Не утерпев, я поймал ладонью струю, гуляющие посматривали на меня с интересом, женщины хихикали, мужчины ехидно улыбались. На вкус настоящее вино, но все привыкли, никто не удивляется.
– Маркиз, – крикнул кто-то весело. – Красивые женщины пьянят сильнее!
– Нет красивых женщин, – ответил я хмуро, – есть некрасивые и хорошо накрашенные.
– Ну что вы, маркиз! – воскликнул мой собеседник шокированно. Его тут же утешили:
– Как бы плохо мужчина ни думал о женщинах, любая женщина думает о них еще хуже.
Барон Эльрих то ли не отходит от окна, то ли у него шпионы, что следят за всеми, кто не свой, но допущен во дворец, едва я вошел в свои покои и снял перевязь с мечом, в дверь деликатно постучали.
– Войдите, – сказал я громко.
Барон Эльрих вдвинулся в комнату неслышно, как тень, но расшаркался и раскланялся, как прыгающий пудель, правда, по сокращенной программе.
– Все благополучно? – спросил он. – А то у меня, знаете ли, почему-то глаз дергается, как только про вас вспомню.
– А нос не чешется? – спросил я.
– Нет, – ответил он озадаченно. – А что, должен?

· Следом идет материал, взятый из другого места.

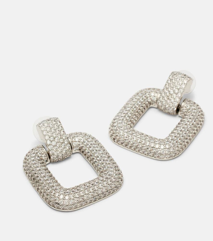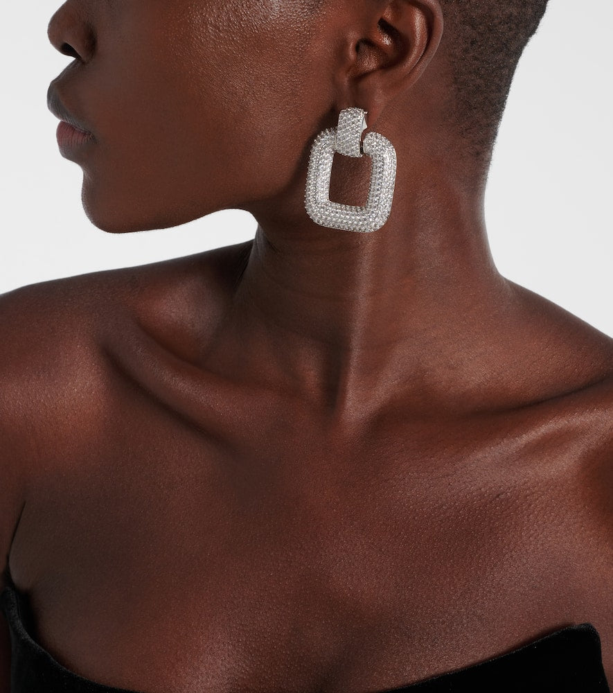 These Crystal-embellished drop earrings by Self-Portrait are a bold and striking statement. Made in China from brass, stainless steel, and cubic zirconia, these earrings feature a prominent design with shimmering crystals. The design is a celebration of a confident and fearless approach to style and is perfect for adding a touch of high-end drama to your look. They are a versatile staple that you will love for years to come.

– Скоро зачешется, – пообещал я. – По городу я прошелся с великим удовольствием. Приятно видеть довольный и сытый народ. И здоровый! Почти не видел калек, увечных. Словом, зажиточный город. На сухопутном багере… то бишь разрушителе, прокатился до каменоломни и обратно. Ошеломительно! Словно на карнавале! А Люнебурнс какой нарядный… Жаль, летательные багеры так и остались… голыми. Могли бы надстроить, красиво же…
Он посмотрел на меня остро.
– А вы откуда знаете, что ходящие по земле тоже были такими же?
Я пробормотал:
– Не знаю. Так… почудилось.
Он не сводил с меня взгляда, полного подозрения. Мне показалось, что даже покосился по сторонам, далеко ли стражи, чтобы сразу заломили мне руки и в пыточный застенок, где со мной поговорят без дворянских церемоний.
– Гм, – произнес он медленно, – это только вы заметили.
– Свежий взгляд, – заверил я. – Остальные видят с детства, потому и не возникает вопросов. А над поместьем моего отца никогда не летали эти штуки. И в его владениях нет ни одной трассы… Впрочем, я уже понял, почему летают в том виде, как и выходят из недр.
– Почему?
– Встречный ветер, – ответил я. – При такой скорости все лишнее сорвет к самому Самаэлю…
Он спросил холодно:
– А вы откуда знаете, что там всегда встречный ветер? Да еще такой силы?
Я удивился.
– Это же очевидно! Возьмите в руку свою роскошную шляпу. Такие перья дорого стоят?
Он улыбнулся так, как улыбнулся бы айсберг.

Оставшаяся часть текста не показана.